There are a number of vendor-specific API sets that can be used instead of PDO (and technically this is where mysqli_* sits) that have been defined to communicate with databases such as Informix, Firebird, Ingres…and DB2. Naturally, IBM is the vendor that developed the DB2 API set, so let’s take a look at what that offers.
A Few Things
First the DB2_* API set does more than access DB2. It also provides access to Cloudscape and Apache Derby. This is actually one product, originally marketed by IBM as Cloudscape but now renamed as Apache Derby. This is an open-source project but is a full relational database management system. And that’s all I’m going to say about it.

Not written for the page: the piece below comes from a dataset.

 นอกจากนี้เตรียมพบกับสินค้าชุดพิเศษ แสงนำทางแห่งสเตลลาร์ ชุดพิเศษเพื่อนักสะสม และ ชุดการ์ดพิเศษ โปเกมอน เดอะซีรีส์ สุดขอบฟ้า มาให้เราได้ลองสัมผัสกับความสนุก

Second, ibm_db2 is not an inherent part of PHP. Rather it is a PECL or PHP Extension that may or may not be part of your PHP stack. Fortunately, if you got your PHP from Zend, and I am guessing that most of us have, then if what you downloaded was for the IBM i, not only is ibm_db2 there but it is turned on by default. If you downloaded your PHP for Linux, Windows, or the Mac, then it is there but it is turned off. By going into Zend Server and using the GUI admin function, you can turn it on quite easily. If you got your PHP from Redhat or someone else, then you would have to check.
What It Looks Like
We may all be big code freaks, but the simple fact is that the first thing we generally want to know about a language is not what kind of weirdo things it can do but rather “what it looks like.” Fortunately, the syntax for ibm_db2_* is very similar to that of PDO or even mysql_*.

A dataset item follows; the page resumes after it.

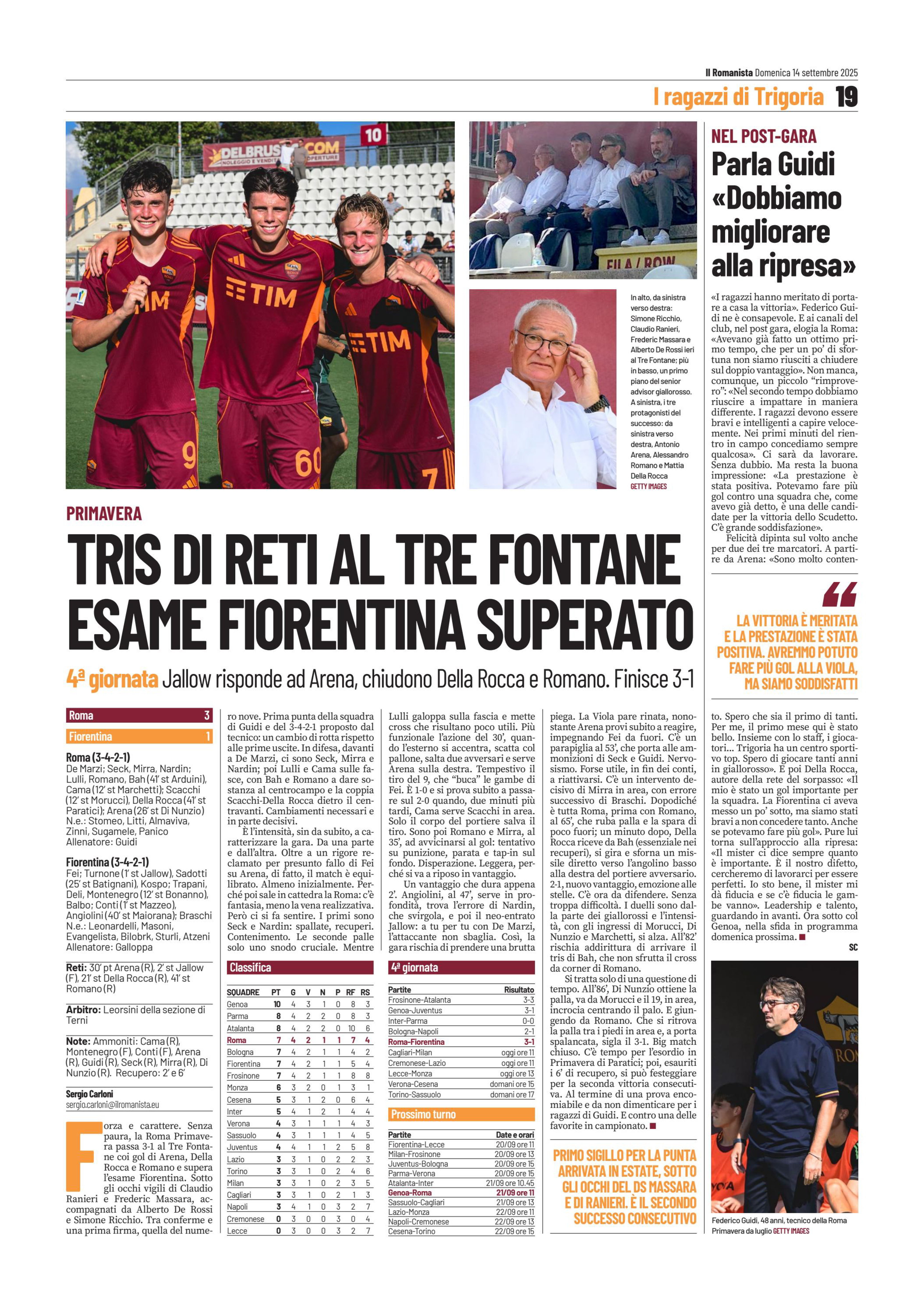 ROMA (3-4-2-1): De Marzi;

So What Should You Use? PDO or ibm_db2?
Finally, it gets down to the real question. We have already seen that mysql_* is deprecated and should not be used. mysqli_* is OK to use, but it only allows you to access MySQL files, and that’s not where most of us live. So it comes to a showdown, a mano a mano confrontation between PDO and ibm_db2_*. And the question becomes, which should you use?
The answer, of course, is it depends. Seriously, did you really think there would be a hard and fast answer here? You did? Oh, that’s so sweet. Did you, like me, spend most of the holidays watching the Christmas movies on the Hallmark Channel? I personally recorded every one that has Lacey Chabert in it. (Shrug.) I like her. She’s sweet.

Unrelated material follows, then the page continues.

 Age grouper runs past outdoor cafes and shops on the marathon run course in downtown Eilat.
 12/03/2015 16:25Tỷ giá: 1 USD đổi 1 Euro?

Anyway, depends on what? And the answer to that is, not all that much. Both options are fairly new—that is, PHP 5.0 and above—so they are both still maturing and we can expect growth for both API sets over the next few years. At the same time, both options are quite robust and reliable. Remember, they are APIs, so they both use the same PHP and C underpinnings (PHP is written in C).
Mike Pavlak from Zend feels that he has run into occasional problems with PDO requiring the database it is accessing to be under commitment control, and that may be a problem, especially for those of you who have legacy databases. But I am not sure (and he is not saying) this is enough of a reason to use ibm_db2 over PDO.
In the end, it may depend on who is going to do the coding. If you are using someone who is normally a web programmer, then they will feel more at home with PDO. And the fact is, you probably shouldn’t consider anyone who is not familiar with either PDO or ibm_db2.
So, time will tell for this but, for now, pick either one. I suggest playing craps to see who wins. It’s not scientific, but it will tell you a lot about the people on your team.